___ Records for this task
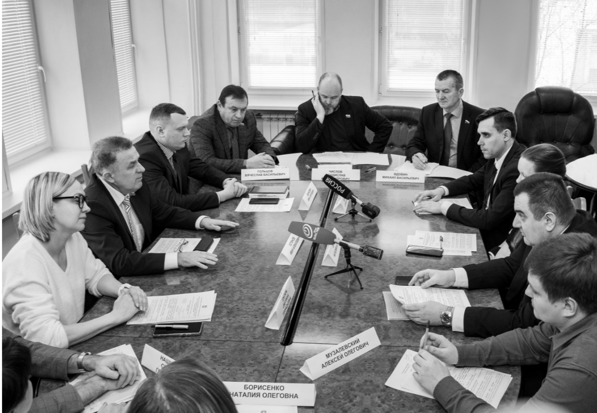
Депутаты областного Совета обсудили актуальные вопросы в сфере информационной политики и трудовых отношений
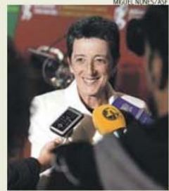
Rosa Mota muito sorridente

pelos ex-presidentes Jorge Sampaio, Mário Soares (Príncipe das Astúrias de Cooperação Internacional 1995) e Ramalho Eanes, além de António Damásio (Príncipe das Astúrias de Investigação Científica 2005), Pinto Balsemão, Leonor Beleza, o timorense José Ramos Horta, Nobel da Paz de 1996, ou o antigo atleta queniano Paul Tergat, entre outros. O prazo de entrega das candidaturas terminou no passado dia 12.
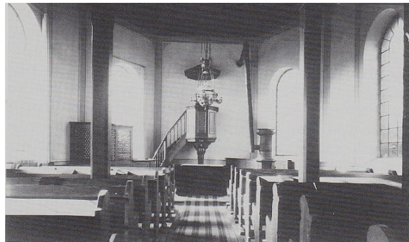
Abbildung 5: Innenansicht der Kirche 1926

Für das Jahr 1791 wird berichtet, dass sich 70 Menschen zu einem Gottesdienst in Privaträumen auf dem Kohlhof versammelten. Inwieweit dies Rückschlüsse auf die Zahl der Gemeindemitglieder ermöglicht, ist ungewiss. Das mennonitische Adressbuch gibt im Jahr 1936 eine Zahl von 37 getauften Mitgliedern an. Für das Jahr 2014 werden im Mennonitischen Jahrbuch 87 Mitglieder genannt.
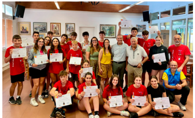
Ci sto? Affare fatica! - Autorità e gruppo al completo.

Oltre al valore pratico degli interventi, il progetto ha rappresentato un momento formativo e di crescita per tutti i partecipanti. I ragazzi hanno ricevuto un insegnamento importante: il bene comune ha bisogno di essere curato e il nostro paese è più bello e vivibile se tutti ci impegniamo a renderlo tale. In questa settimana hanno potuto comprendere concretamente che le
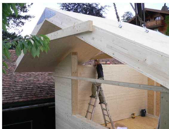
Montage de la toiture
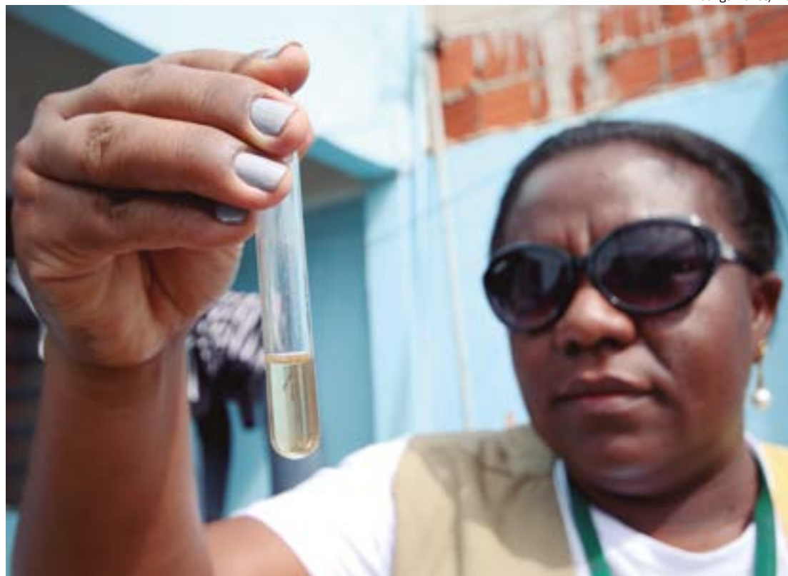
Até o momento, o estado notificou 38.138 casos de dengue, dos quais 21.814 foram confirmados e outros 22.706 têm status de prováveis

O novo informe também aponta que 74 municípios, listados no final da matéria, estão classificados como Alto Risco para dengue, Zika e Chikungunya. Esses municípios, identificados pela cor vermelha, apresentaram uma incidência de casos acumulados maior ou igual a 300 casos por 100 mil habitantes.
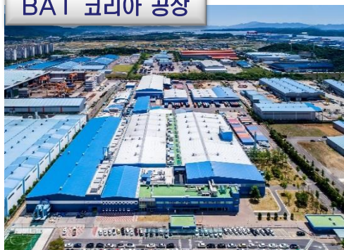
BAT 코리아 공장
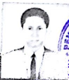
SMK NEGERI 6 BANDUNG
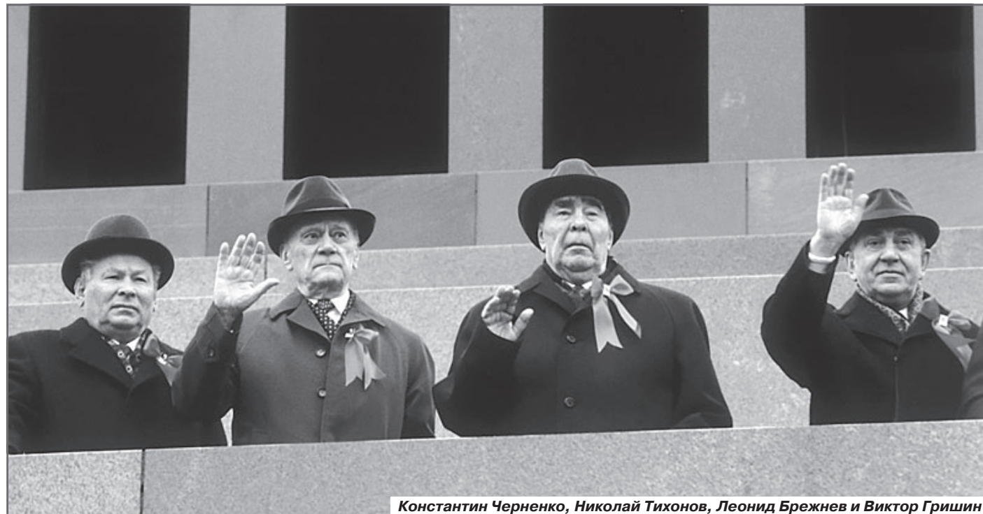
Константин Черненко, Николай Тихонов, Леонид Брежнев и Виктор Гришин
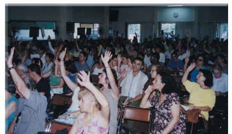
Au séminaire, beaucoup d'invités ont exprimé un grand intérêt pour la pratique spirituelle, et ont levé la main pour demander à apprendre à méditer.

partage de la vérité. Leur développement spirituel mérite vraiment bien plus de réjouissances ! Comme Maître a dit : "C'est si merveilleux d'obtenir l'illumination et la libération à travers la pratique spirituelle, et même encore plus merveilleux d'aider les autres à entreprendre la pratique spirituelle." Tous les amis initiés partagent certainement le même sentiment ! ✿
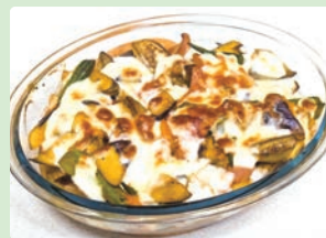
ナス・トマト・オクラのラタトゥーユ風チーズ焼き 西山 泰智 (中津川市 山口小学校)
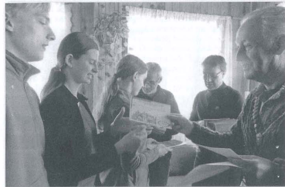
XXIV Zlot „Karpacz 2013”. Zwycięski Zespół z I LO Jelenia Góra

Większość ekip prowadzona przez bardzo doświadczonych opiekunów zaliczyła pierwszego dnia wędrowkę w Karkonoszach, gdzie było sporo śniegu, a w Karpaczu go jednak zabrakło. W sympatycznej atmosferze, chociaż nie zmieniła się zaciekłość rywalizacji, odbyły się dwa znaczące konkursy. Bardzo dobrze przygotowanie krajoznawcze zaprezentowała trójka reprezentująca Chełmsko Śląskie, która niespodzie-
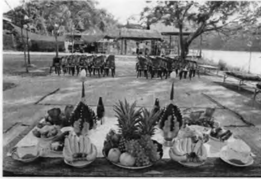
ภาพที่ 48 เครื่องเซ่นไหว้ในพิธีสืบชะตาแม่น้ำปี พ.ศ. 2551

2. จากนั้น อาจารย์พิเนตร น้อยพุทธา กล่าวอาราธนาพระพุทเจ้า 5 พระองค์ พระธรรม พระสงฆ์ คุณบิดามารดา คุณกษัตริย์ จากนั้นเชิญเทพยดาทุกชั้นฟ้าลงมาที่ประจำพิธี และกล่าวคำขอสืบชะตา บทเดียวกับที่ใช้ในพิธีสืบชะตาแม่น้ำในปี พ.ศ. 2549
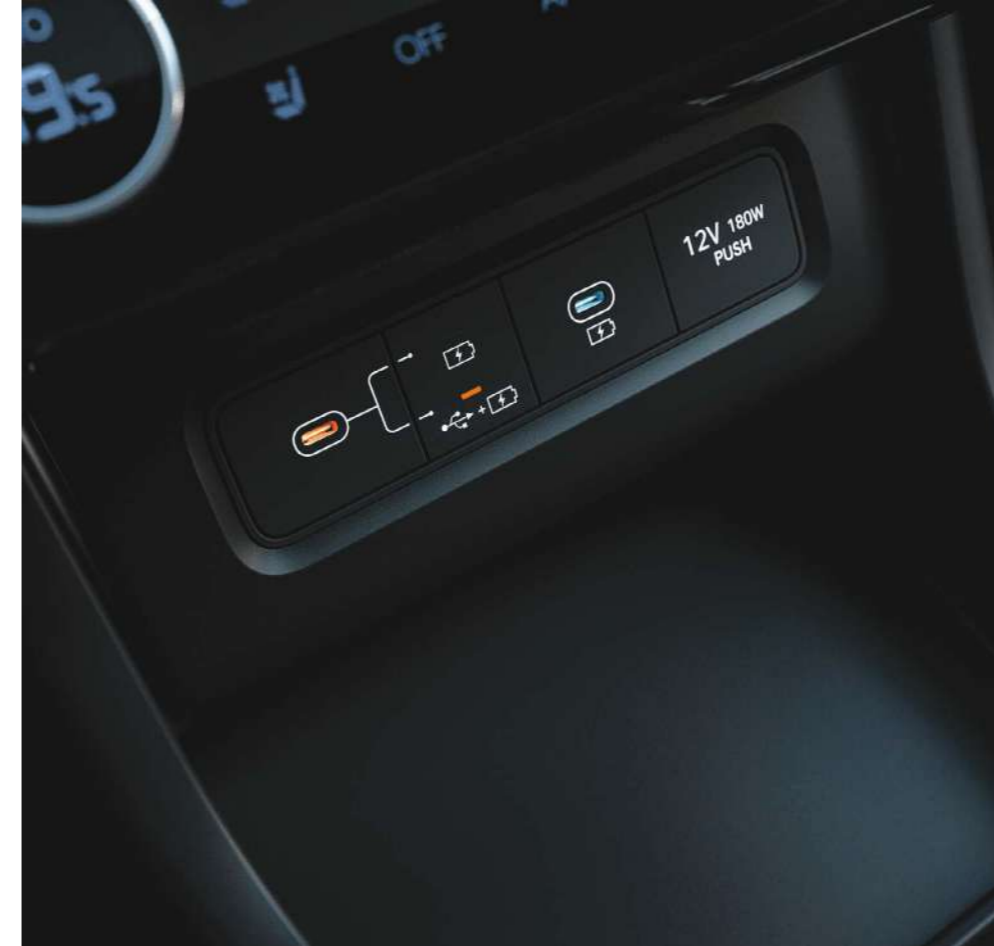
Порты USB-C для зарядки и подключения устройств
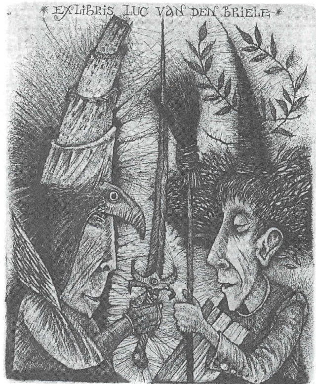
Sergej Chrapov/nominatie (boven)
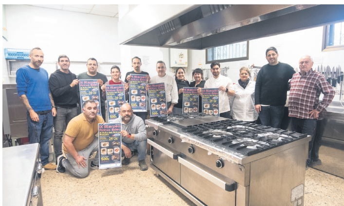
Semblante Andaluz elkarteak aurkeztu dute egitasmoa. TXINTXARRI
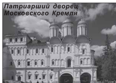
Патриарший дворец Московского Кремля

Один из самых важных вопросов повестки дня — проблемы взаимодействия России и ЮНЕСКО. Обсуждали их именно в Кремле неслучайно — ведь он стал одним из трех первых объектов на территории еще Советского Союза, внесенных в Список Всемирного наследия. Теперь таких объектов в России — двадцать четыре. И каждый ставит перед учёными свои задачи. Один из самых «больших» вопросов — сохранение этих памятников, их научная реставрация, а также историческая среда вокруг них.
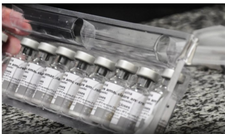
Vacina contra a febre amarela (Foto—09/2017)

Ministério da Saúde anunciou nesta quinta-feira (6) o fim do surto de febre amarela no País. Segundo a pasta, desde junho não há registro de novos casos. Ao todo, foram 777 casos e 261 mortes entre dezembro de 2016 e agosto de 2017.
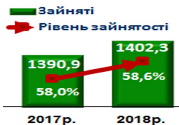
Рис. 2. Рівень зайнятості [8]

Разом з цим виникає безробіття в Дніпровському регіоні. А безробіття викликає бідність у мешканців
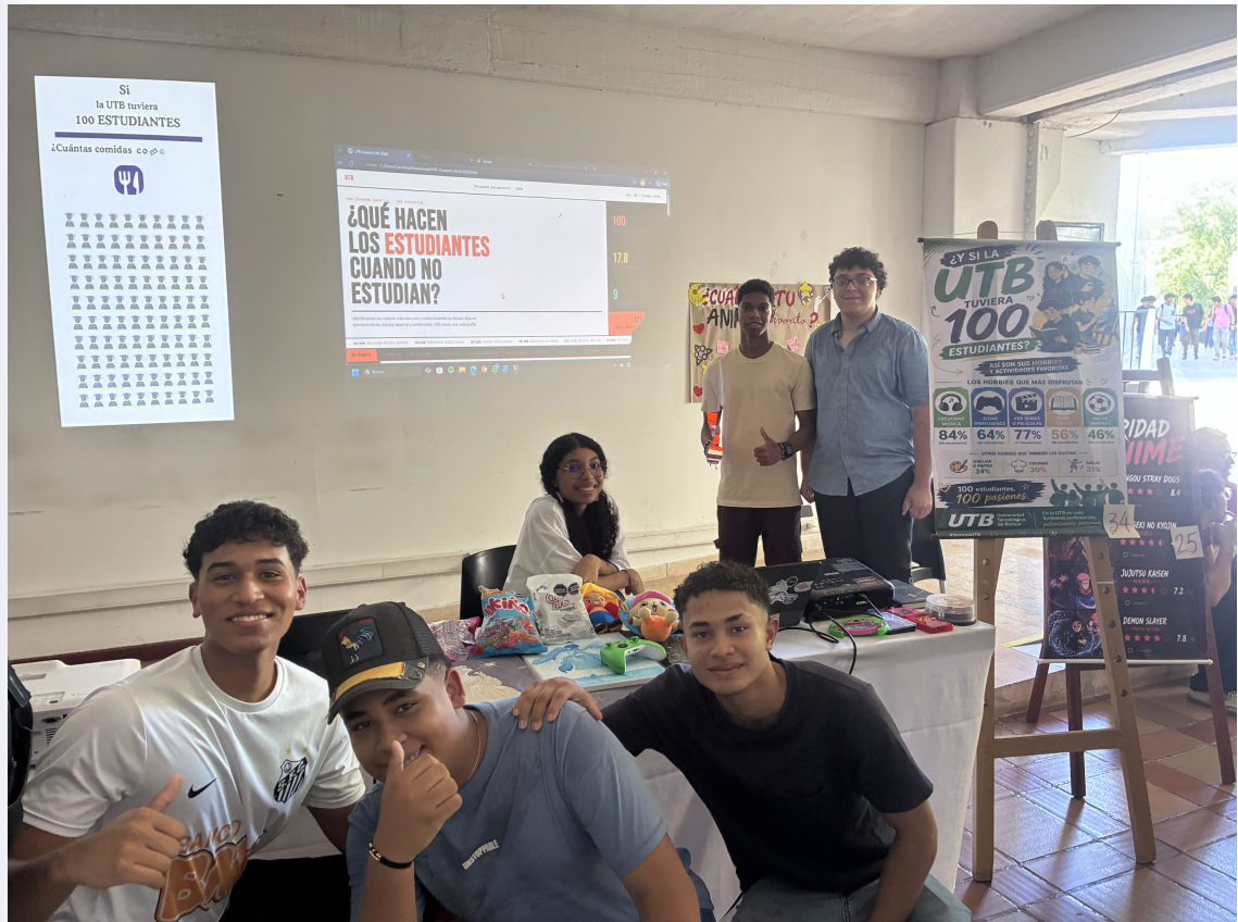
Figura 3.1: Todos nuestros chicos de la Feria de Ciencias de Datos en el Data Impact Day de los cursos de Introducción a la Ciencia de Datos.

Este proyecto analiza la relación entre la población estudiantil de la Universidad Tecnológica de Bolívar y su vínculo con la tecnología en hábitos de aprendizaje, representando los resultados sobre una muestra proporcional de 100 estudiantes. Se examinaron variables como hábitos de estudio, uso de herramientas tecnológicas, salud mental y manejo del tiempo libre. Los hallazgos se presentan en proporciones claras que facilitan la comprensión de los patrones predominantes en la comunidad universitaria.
______
[Required action]: Please print the lines above word for word, starting at the one with "ภาพที่ 48 เครื่องเซ่นไหว้ในพิธีสืบชะตาแม่น้ำปี" and ending at the one with "Патриарший дворец Московского Кремля", both included, and without any picture.

[Solution for this task]:
ภาพที่ 48 เครื่องเซ่นไหว้ในพิธีสืบชะตาแม่น้ำปี พ.ศ. 2551

2. จากนั้น อาจารย์พิเนตร น้อยพุทธา กล่าวอาราธนาพระพุทเจ้า 5 พระองค์ พระธรรม พระสงฆ์ คุณบิดามารดา คุณกษัตริย์ จากนั้นเชิญเทพยดาทุกชั้นฟ้าลงมาที่ประจำพิธี และกล่าวคำขอสืบชะตา บทเดียวกับที่ใช้ในพิธีสืบชะตาแม่น้ำในปี พ.ศ. 2549
Порты USB-C для зарядки и подключения устройств
Sergej Chrapov/nominatie (boven)
Semblante Andaluz elkarteak aurkeztu dute egitasmoa. TXINTXARRI
Патриарший дворец Московского Кремля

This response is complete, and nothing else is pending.